Closed Wirg closed 4 years ago
Hi @Wirg, thanks for posting! Sounds like you have a really interesting use case here, would love to hear about it if you want to share some detail! The solution you proposed makes sense to me. I'd be happy to help out and review if you want to submit a PR. Looks like you'd need to make the change in get_hashable
https://github.com/snorkel-team/snorkel/blob/dd240003857ee4e95fa49599d708c5ba878b3939/snorkel/map/core.py#L41
and then make the keyword argument accessible up the stack.
Hi @henryre and thank you for the answer,
I would have considered using a memoize_key
like argument with None defaulting to the current get_hashable
.
Namely, something like :
class BaseMapper:
def __init__(self, name: str, pre: List["BaseMapper"], memoize: bool, memoize_key: Callable=None) -> None:
if memoize_key is None:
memoize_key = get_hashable
self.name = name
self._pre = pre
self.memoize = memoize
self._memoize_key = memoize_key
self.reset_cache()
def __call__(self, x: DataPoint) -> Optional[DataPoint]:
if self.memoize:
x_hashable = self._memoize_key(x)
if x_hashable in self._cache:
return self._cache[x_hashable]
...
What would you think about this ?
Concerning the use case, it's not the one I am currently working on but I thought this one would be simpler to explain.
Hey @Wirg, that looks good to me! Just tag me on a PR once you submit!
Hi @henryre , to pick up the discussion on the pr : https://github.com/snorkel-team/snorkel/pull/1572 .
I wanted to solve two issues with this change.
- memoization can not be done for unhashable classes (typically a group of pandas rows). We need to wrap or subclass it.
- memoization key can not be specific to a preprocessing. Example : We are trying to evaluate the reliability of a paragraph in a blog post. We could evaluate the reliability of the paragraph and of the website. The preprocessing corresponding to those 2 tasks will share the same key for memoize, which is not ideal : a website can have a few thousand paragraphs so we will evaluate website reliability a lot more than necessary.
The first one is solved : we can introduce a memoize_key
to hash any object we want.
There is one red flag tho : the memoize_key
has to be "really smart" and should be able to memoize/hash the data coming from any preprocessor results binded to the DataPoint
else in some case we will have dangerous caching that will create issues when the preprocessor is used by different LF/preprocessor with preprocessor in a different order.
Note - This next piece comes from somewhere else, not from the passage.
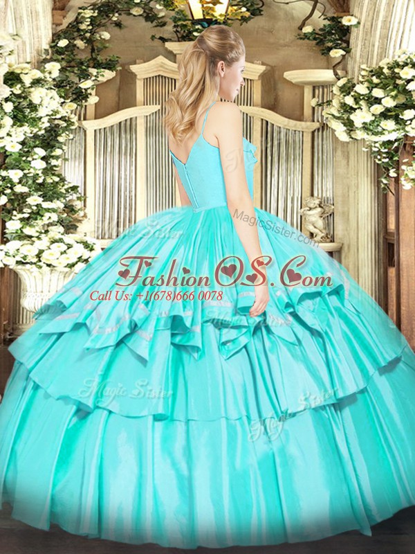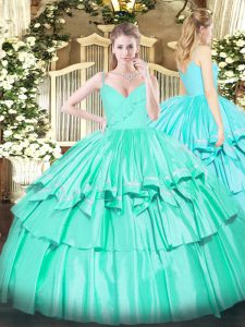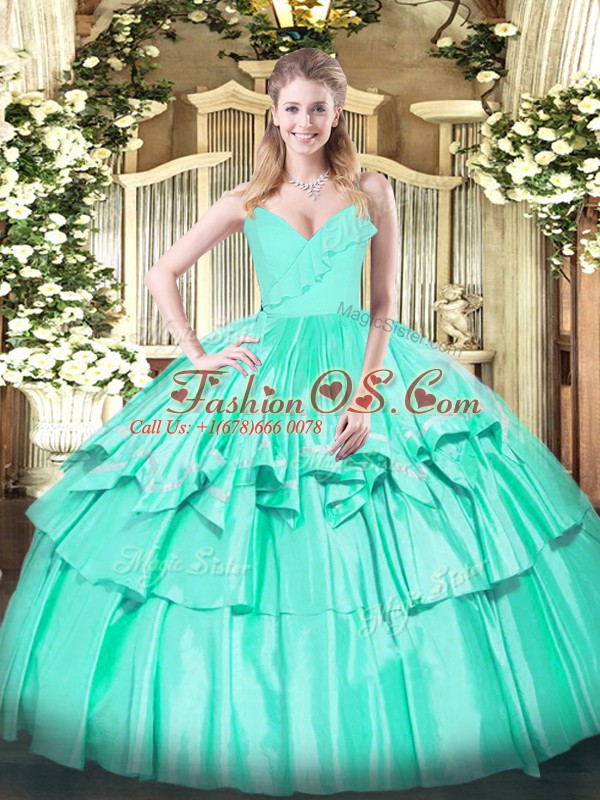 Ideal Turquoise Zipper 15th Birthday Dress Ruffled Layers Sleeveless Floor Length

from snorkel.labeling import labeling_function, LFApplier
from snorkel.preprocess import preprocessor
from types import SimpleNamespace
data = [
SimpleNamespace(text='this a check', number=5),
SimpleNamespace(text='this is something else', number=5)
]
# the memoize key here does not take into account
# all the attributes defined by other preprocessors
@preprocessor(memoize=True, memoize_key=lambda d: (d.number, d.text))
def square(x):
x.square = x.number ** 2
return x
@preprocessor(memoize=True)
def text_contains_check(x):
x.contains_check = "check" in x.text
return x
If we define our LFS and applier :
@labeling_function(pre=[square])
def square_gt_20(x):
return x.square > 20
@labeling_function(pre=[text_contains_check, square])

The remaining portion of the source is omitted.